Peter McCormack: How does that end though; what's the endgame on that?

Preston Pysh: I'll talk the endgame on that.  So, yields keep going higher and then the big narrative is going to be, "These yields, what are they going to go to; 50%?"  That's going to be the talking point.  And people are going to say, "We've got to shut this thing -- this thing is chaos because yields are going to the moon".

But, guess what, when these yields are going up, everybody in stocks is going to be saying, "I probably need to sell some of this and buy Bitcoin and start lending it out".  And so, what happens to the capitalisation rates on equities?  Well, they actually start getting priced back into reality.  Instead of them being a P/E of 35, maybe they start getting priced at a P/E of 10, maybe even 5; because, if I'm able to capture 20% interest rate in Bitcoin -- this is all hypothetical, right.  I'm just playing out the scenario the way I kind of see it going down, right. 

Let's just say I can capture 20% on interest rates by lending out Bitcoin.  Would I buy an equity market just in S&P 500, or a Nasdaq market, if the P/E is 5; probably not.  It would have to be lower than 5 because, at a P/E of 5, that's 20% to own equities.  Well, why in the world would I own equities giving me 20% yield when my fixed income, by lending out Bitcoin "risk-free", is also giving me 20%; that makes no sense?  It's a simple maths problem.

So, the equities have to start getting below whatever it is, if it's 20%, 15%, 10% that you're getting on the borrowing.  Once equities start giving you a better return than ones you're getting in fixed income, well then all of a sudden, now it makes more sense to start owning equities instead of lending out your Bitcoins.  That's how I see it all kind of playing out.

Peter McCormack: Okay, so what you're saying is that Bitcoin is going to force the repricing of everything back into realistic terms?

Preston Pysh: Absolutely.  I mean, there's no other way that this could play out, if we actually believe that Bitcoin's going to become global money.

Peter McCormack: This is how it eats everything, right?  I'm not going to tell people here what you told me the other day, but we had a private conversation; you gave me some projections and I was like, "Well, that's pretty bullish", and I went and told my son and he was like, "Yeah, that's pretty mental.  But, I didn't know why it would get to that point.  I thought it could, but I didn't know why.  And I guess this is the catalyst for that?

Preston Pysh: Yes.  The catalyst is -- and, you could do this today.  Let me just give you a scenario that you could implement today.  Let's say you're a person and you're hearing this conversation and saying, "This guy sounds like a nutjob.  What I want to do is I just want to keep my money in fiat, in dollars, but I want to capture these 10% returns on the yield".  Well, you can do that.
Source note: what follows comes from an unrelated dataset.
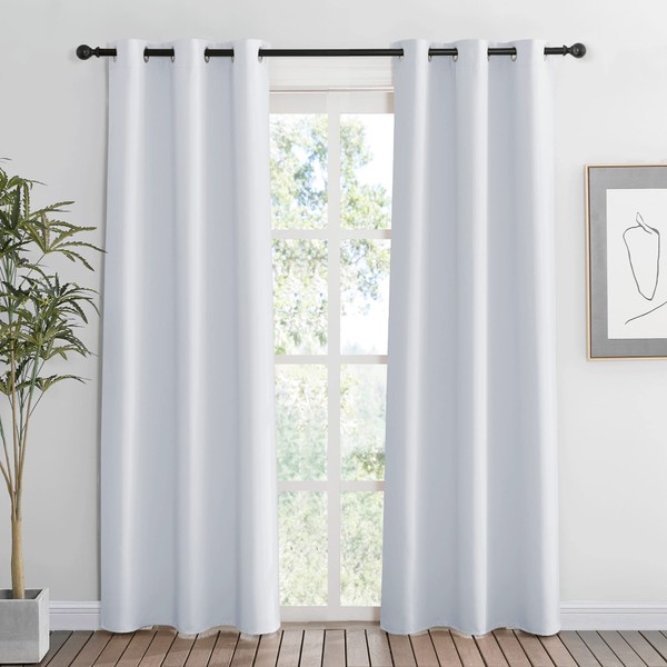 RYB HOME Room Darkening Curtains for Living Room, Energy Smart Privcay Window Curtains Drapes Durable Rustproof Grommet Panels for Home Office Laundry Room, W42 x L84 inch, Greyish White, Set of 2

Look at Gemini, for example.  And I think where a lot of this is going to go is, in banking, you're going to get your paycheque; you're going to have it deposited to something similar to Gemini; and, while it's sitting in there, you're going to collect 10% interest on your fiat and you can still pay your fiat-denominated expenses for the month out of that account.  As it's sitting there and you're waiting to pay these expenses, you're going to be collecting -- I mean, the yield today on USDC, or Gemini USD, is 10%.  And, those yields are lower than what you could get in a peer-to-peer lending market.  They're higher than that in a peer-to-peer lending market.

So, when I look at Avanti and what's happening over there with Caitlin Long, this is where they're going.  They're going to a place where -- a fool will keep his money in Wells Fargo and collect nothing interest rate.  What you're going to do is you're going to go to an Avanti, you're going to have your paycheque deposited there and if you want to buy Bitcoin with whatever free cash flows you have, whatever disposable income you have left over, of course that's what you're going to buy; you're going to buy Bitcoin and then you'll lend it out. 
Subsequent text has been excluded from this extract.